Dissenting Opinion by
Mb. Justice Robeets :The majority holds that the trial court erred when it permitted the condemnee and his expert to testify as to the cost of improving the condemned land. I cannot agree. It is quite clear that this testimony was given to indicate why the property had the value the condemnee claimed, and is therefore admissible. See Eminent Domain Code §§704, 705(1). This testimony was not given as a separate item of damages, as the majority asserts, but rather was linked—even in the trial judge’s charge—with the purchase price of the land. Thus it is my view that the cost of site improvement, just as the purchase price of the property, was properly admitted to show the fair market value of the land, and how the condemnee and his expert arrived at this valuation.

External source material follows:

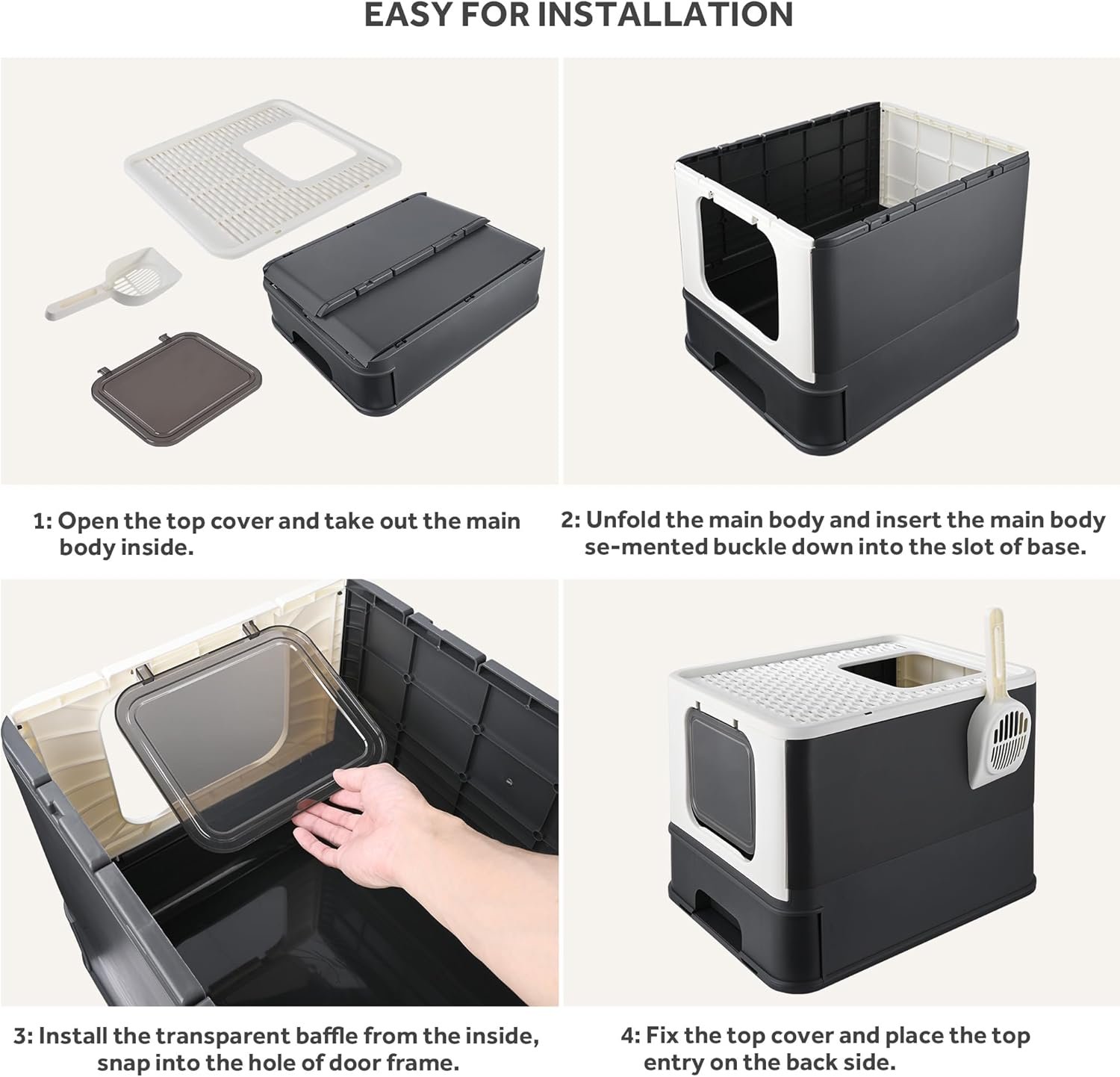 【Easy to Use】Our kitty litter box is easy to assemble and easy to maintain. To move freely without restriction. Completely enclosed high-sided litter box protects the cat’s privacy, reduces house odor and keeps the air fresh.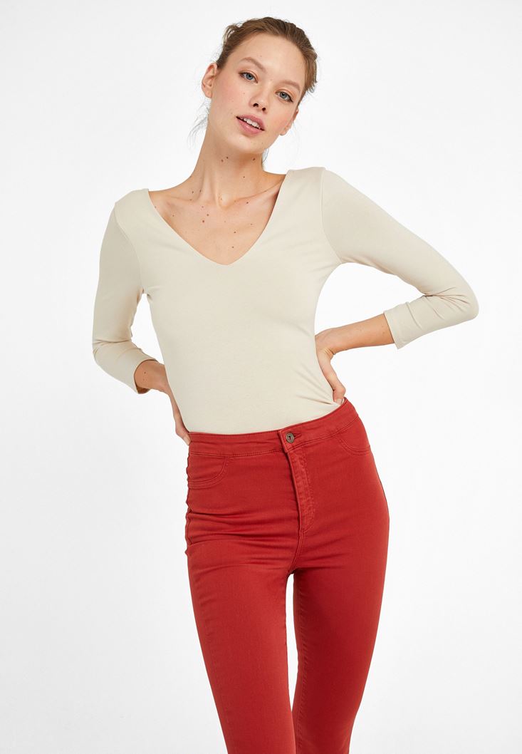 • Bayan Krem V Yaka Uzun Kollu Tişört

*241Nor can I agree with the majority that it was error to admit into evidence the price paid by the Commonwealth for a nearby property. I am not persuaded that we should exclude such testimony simply because when the condemnor and condemnee agree on a price, they may be “settling a potential lawsuit.” Community Housing Services, Inc. v. Pittsburgh Urban Redevelopment Authority, 435 Pa. 344, 350, 253 A. 2d 260, 262 (1969) (Pomeroy, J., concurring). There are many “extraneous” factors which can motivate any buyer and seller when they agree upon a price, and yet these private agreements are admissible. See Eminent Domain Code §705(2) (i). I see no reason to single out the condemnation situation for special treatment, unless, of course, it is the condemnor seeking to introduce such testimony. In that case the testimony is properly excluded, “otherwise the condemning authority could then in effect use one of its own enforced low sales prices to drive down the price in all comparable condemnations.” Community Housing Services, 435 Pa. at 352, 253 A. 2d at 263 (Roberts, J., dissenting).
According, I dissent and would affirm the judgment of the trial court.
Mr. Chief Justice Bell joins in this dissenting opinion.